# Help in Creating Drop Down Menu's?



## Sirtovin (Feb 12, 2003)

Hi guys... I am new to making website... my own website is in development by me... Http://www.distortedtimeinc.com

I am using dreamweaver Mx... But I do not understand how to make a drop down menu for my buttons... Please someone be patient and tell me what to do?
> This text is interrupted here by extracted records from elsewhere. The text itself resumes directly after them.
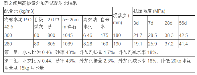 試配對比結(jié)果分析:試驗用相同材料,提高外加劑摻量,降低水灰比及用水量,相同砂率,在相同坍落度下28d 及 56d強度相近并降低了成本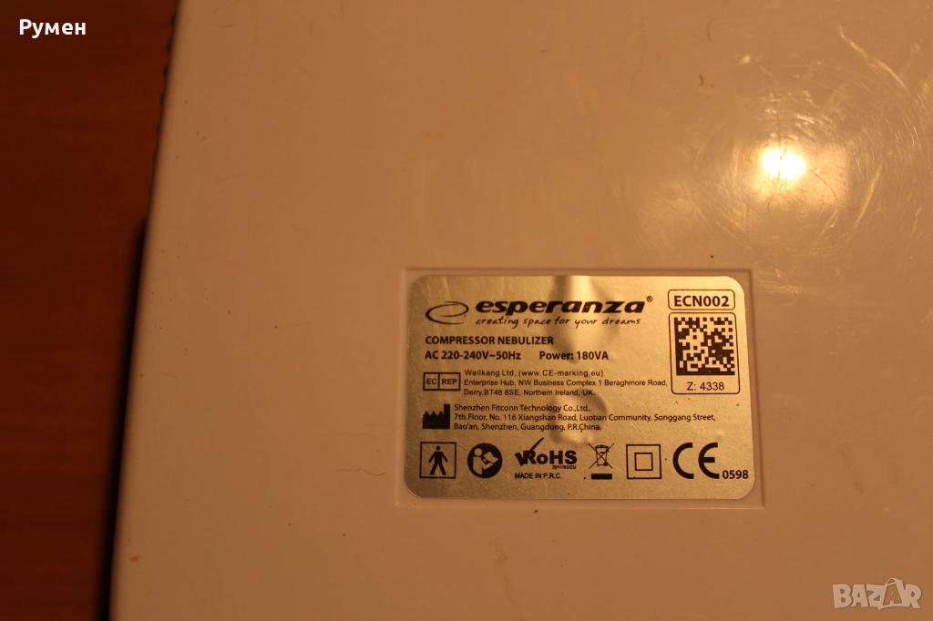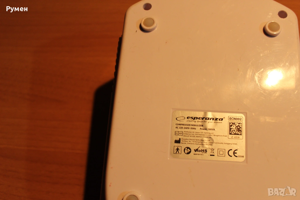 В комплекта: инхалатор – компресорен, адаптер за захранване
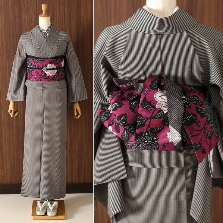 | 帯地に工夫を凝らし、他にはない味わいのある染帯に。 染帯は通常、縦糸横糸ともに白色で織り、それから染めていきます。しかし、こちらの帯は横糸に黒色を部分的に混ぜ、白黒をミックスさせたグレー地に。そこに染をすることによって、こっくりとした深みのある色彩を実現しました。 |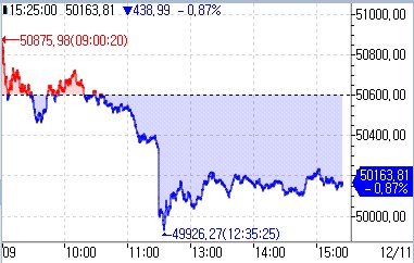 연합인포맥스 세계주가지수(6511)에 따르면 닛케이225 지수는 전 거래일 대비 453.98포인트(0.90%) 내린 50,148.82에 장을 마감했다.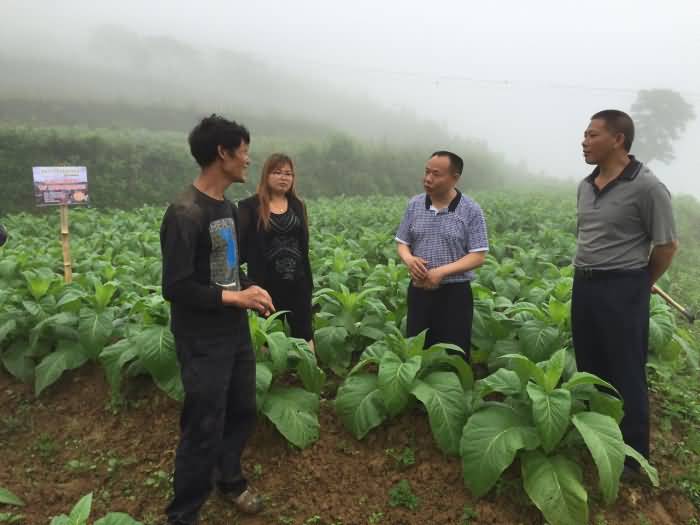 圖4:道真縣河口鄉(xiāng)煙葉管理站韓站長(zhǎng)陪同李總到施地佳示范大戶(hù)考察使用情況,煙農(nóng)高興地講今年他的煙葉長(zhǎng)勢(shì)是周邊最好的,高興之情溢于言表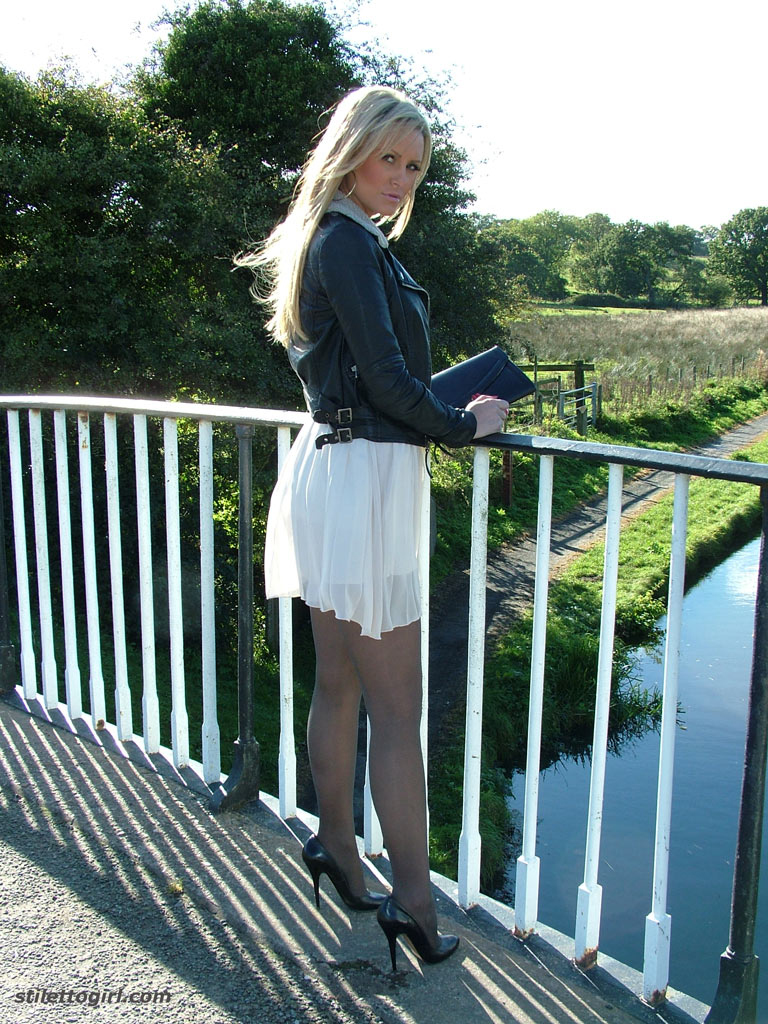 Женщина недавно разошлась со своим любимым мужем. Чтобы не грустить дома в одиночестве, мамочка решила немного пройтись по свежему воздуху. Она одела красивое белое платье и обула туфельки на высоких каблуках. Подойдя к мостику, тетенька вдалеке заметила симпатичного парня, она принимает самые трогательные позы, желая познакомиться с новым любовником.

Thanks... Or if I can use an easy Mac Os X program that will help me do it... thanks.


----------



## uoba (Feb 13, 2003)

Do you have Fireworks MX? You can create them rather easily in this and then port them to Dreamweaver... otherwise, in Dreamweaver (although I've only done drop-downs in GoLive)... you will have to use Layers Show/Hide  facility.


----------



## Sirtovin (Feb 13, 2003)

> _Originally posted by uoba _
> *Do you have Fireworks MX? You can create them rather easily in this and then port them to Dreamweaver... otherwise, in Dreamweaver (although I've only done drop-downs in GoLive)... you will have to use Layers Show/Hide  facility. *



Maybe I should buy Go-Live?  Because I find it hard to make the menu in fireworks.


----------



## uoba (Feb 14, 2003)

I used to swear by GoLive, used to hate Dreamweaver... until the MX suite came out.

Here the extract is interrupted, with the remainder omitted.